__HOW TO COMPLETE THIS TASK__: The copy must hold exactly the lines from the one with "- Мойка состоит" through the end of the listing below, and nothing else, with no pictures.
** Opening RAW DATA block **
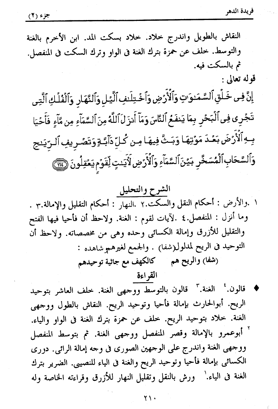 وما أنزل: المنفصل. 4. لآيات لقوم: الغنة. ولاحظ أن فأحيا فيها الفتح والتقليل للأزرق وإمالة الكسائى وحده وهى من مخصصاته. ولاحظ أن التوحيد فى الريح لمدلول (شفا). والجمع لغيرهم وشاهده:
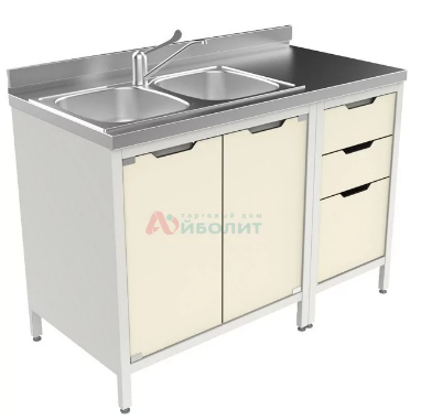 - Мойка состоит из тумб, столешницы из нержавеющей стали и мойки 2-х чашевой.
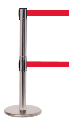 Pro Twin har dubbla bälten som ger maximal kontroll över kundkön. Det nedre bältet hindrar fotgängare från att 'ducka' under bältet, hjälper till att hålla barn i kö och ger vägledning för synskadade som använder käpp.
** Closing RAW DATA block **
__RESULT OF THE TASK__:
 - Мойка состоит из тумб, столешницы из нержавеющей стали и мойки 2-х чашевой.
 Pro Twin har dubbla bälten som ger maximal kontroll över kundkön. Det nedre bältet hindrar fotgängare från att 'ducka' under bältet, hjälper till att hålla barn i kö och ger vägledning för synskadade som använder käpp.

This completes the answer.